ENROLLMENT & REGISTRATION AT AFIT

AFIT’s graduate and continuing education courses are available to degree and non-degree seeking students. Students can enroll in courses through the AFIT website and are encouraged to explore the course catalog and listings to learn more about the courses.

APPLY HERE: https://e.AFIT.edu/LL2TTry  
VIEW THE COURSE CATALOG: https://e.AFIT.edu/xjDXc2

Department of Computer and Electrical Engineering Professor of Computer Science, Dr. Scott Nykl, leads automated aerial refueling research at AFIT. (U.S. Air Force photo)

RESEARCH & FACULTY

One of the key strengths of AFIT’s AI curriculum is its emphasis on real-world applications and research opportunities. Students work on projects that apply AI techniques to solve real-world problems, under the guidance of experienced faculty members. This approach not only provides students with practical skills but also prepares them for the challenges of working in a rapidly evolving field. Below are highlights of two multidisciplinary research areas and an example of the GSEM’s talent growth efforts via new hiring in AI to guide future AFIT students.
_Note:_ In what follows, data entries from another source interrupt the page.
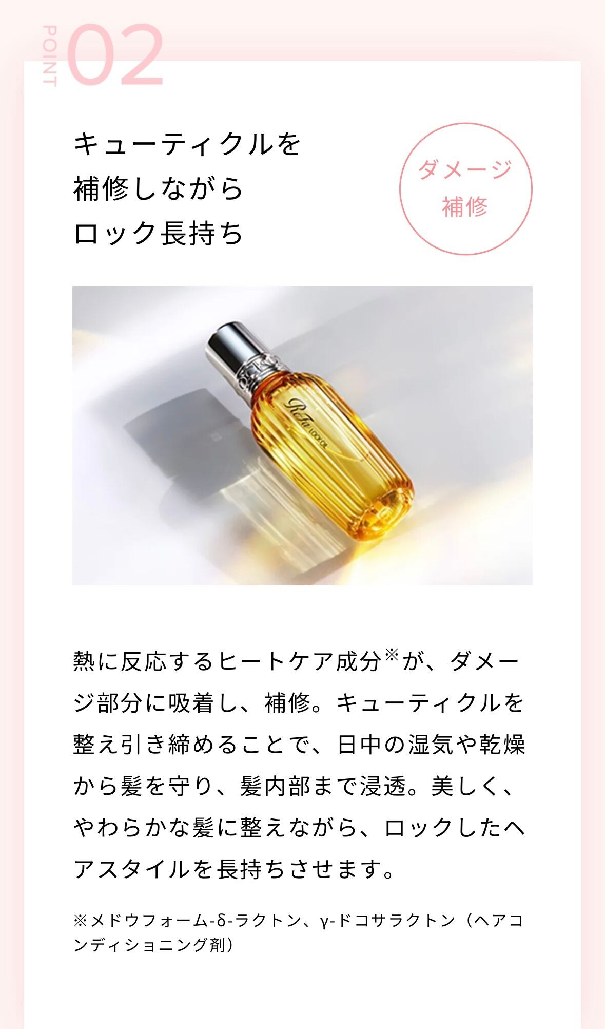 熱を味方に美しくロックし、理想のスタイルがつづくオイルです。カールもストレートも、崩さずに保ちたい。ツヤも指どおりも、思い描いたままに叶えたい。そんなスタイリングのお悩みに、アイロン前のワンステップ。プロフェッショナルの熱コントロールに着想を得た独自の処方で、カールもストレートも、時間がたってもロックをかけたまま。エアリーなニュアンス。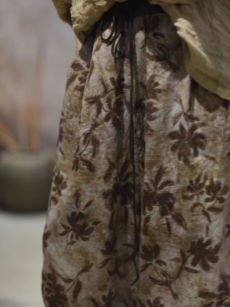 מכנסי פשתן ישרים לנשים בקיץ וינטג' פרחוניים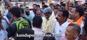 ಸಾಸ್ತಾನದ ಮಾಬುಕಳದಲ್ಲಿ ಬಿಜೆಪಿ ಕಾರ್ಯಕರ್ತರು ಹಾಗೂ ಅವರ ಅಭಿಮಾನಿಗಳು ಹಾರ ತೊಡಿಸಿ ಪಟಾಕಿ ಸಿಡಿಸಿ ಬರಮಾಡಿಕೊಂಡರು.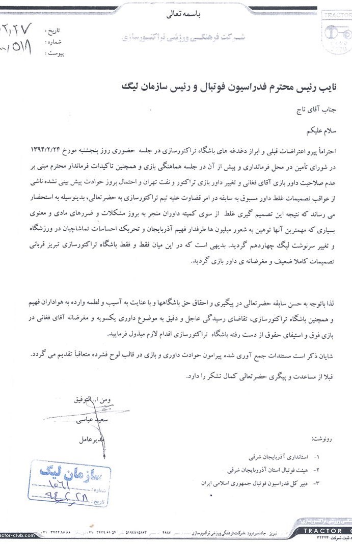 متن کامل نامه باشگاه تراکتور سازی به شرح ذیل است: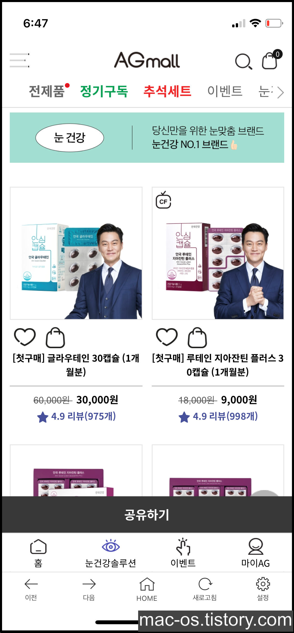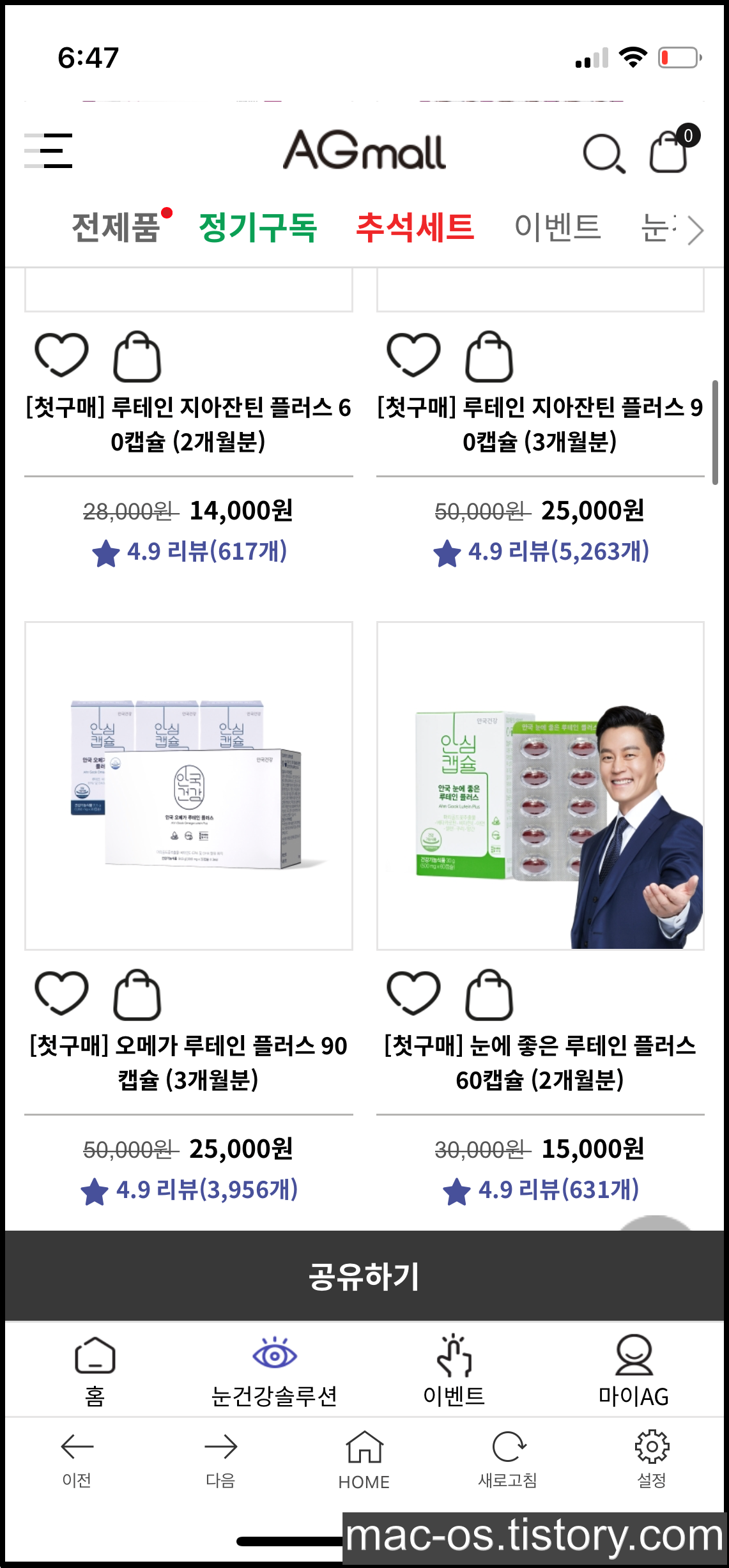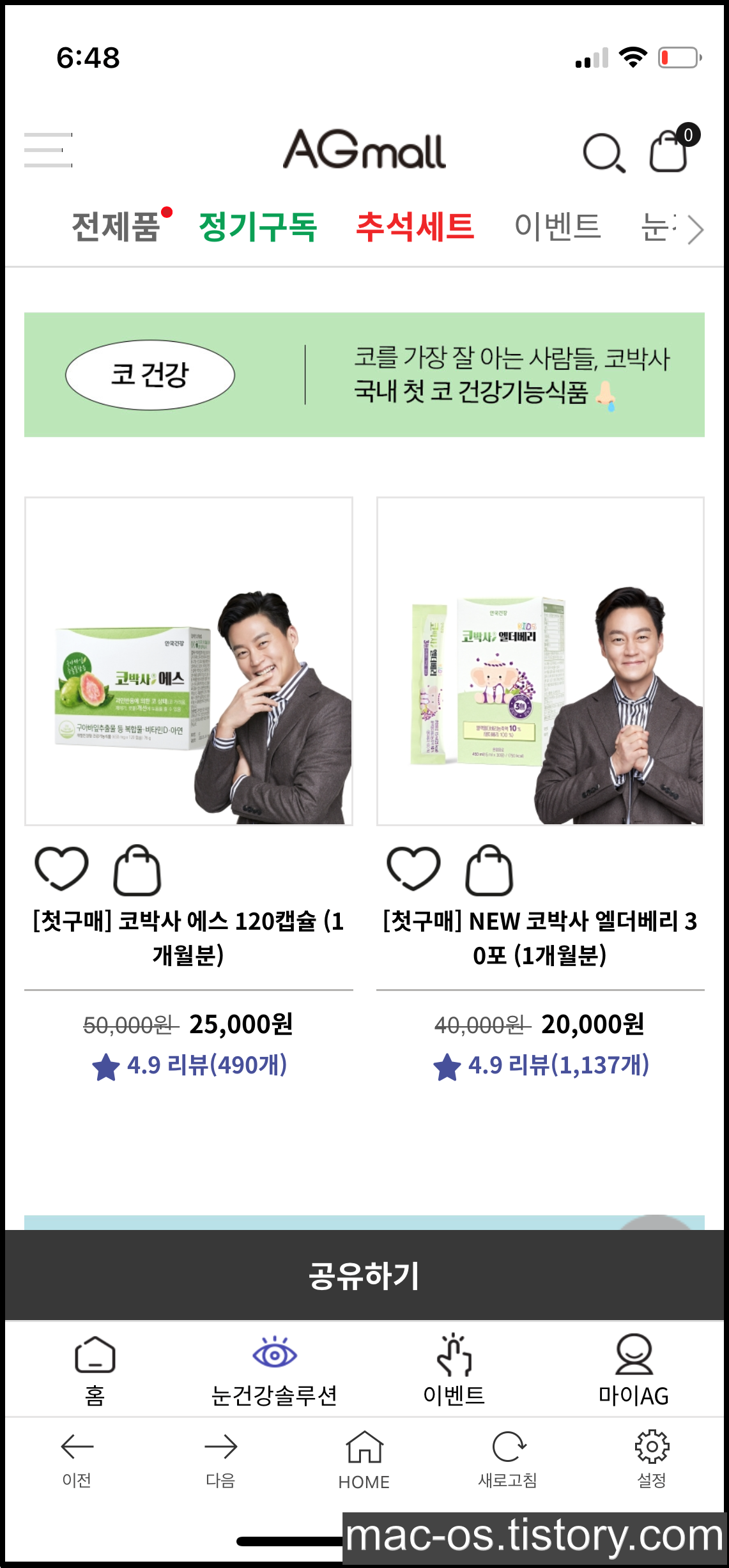 이벤트 페이지에서 스크롤을 내리면 여러 상품이 있는데 눈 건강, 코 건강 등 주제에 맞는 상품을 50% 저렴하게 구매하실 수 있습니다.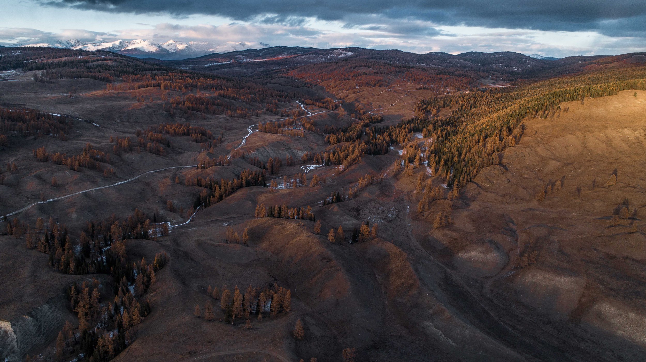 Фотография с коптера на подъезде к долине Чулышман, Республика Алтай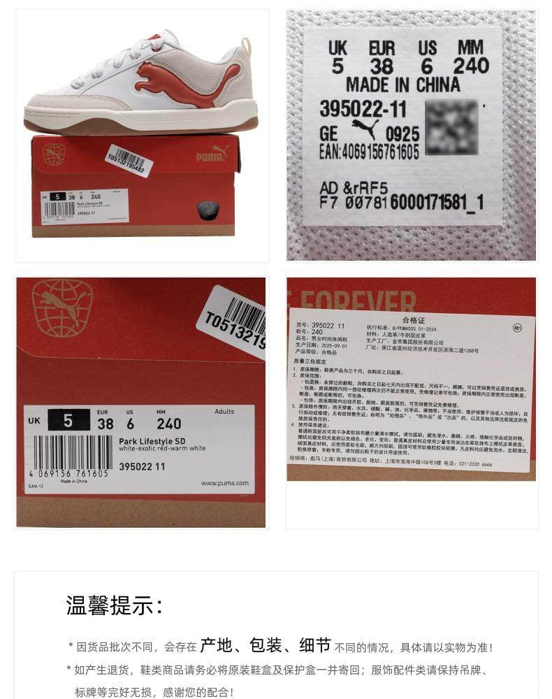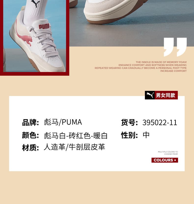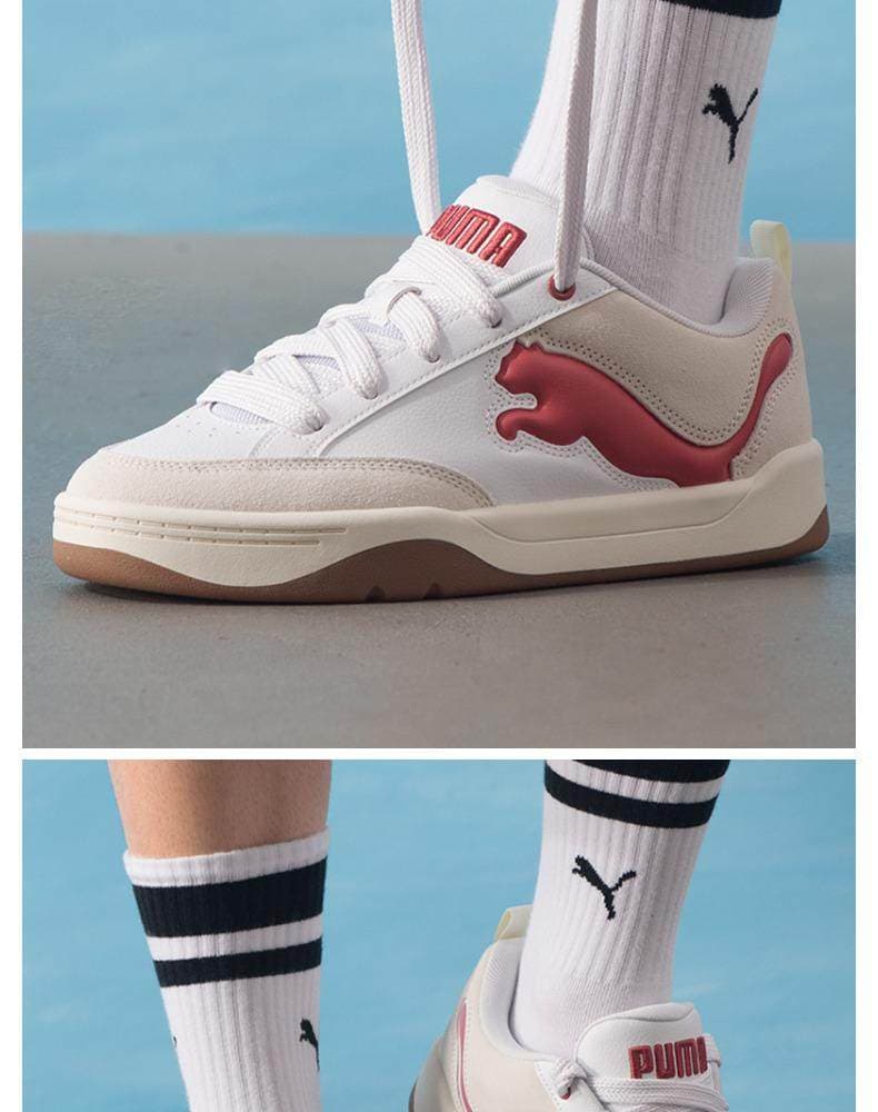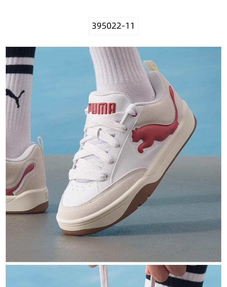 PUMA彪马 低帮板鞋 2025新年款情侣红色面包鞋 厚底板鞋 395022-11 彪马白-砖红色-暖白

>> Battlespace Management:  Students and faculty are partnering with the Air Force Research Laboratory to apply RL to defense-focused research. At AFIT, Maj. Nick Yielding, Assistant Professor of Electrical Engineering, is spearheading RL research projects which develop agents for managing satellite missions such as automated docking and assisting operators and leaders in strategic decision-making for Battlespace Management, Command, Control, and Communication (BMC3). The rapid and adaptable control and decision-making capabilities of RL-based solutions have the potential to significantly impact the complex landscape of the Great Power Competition.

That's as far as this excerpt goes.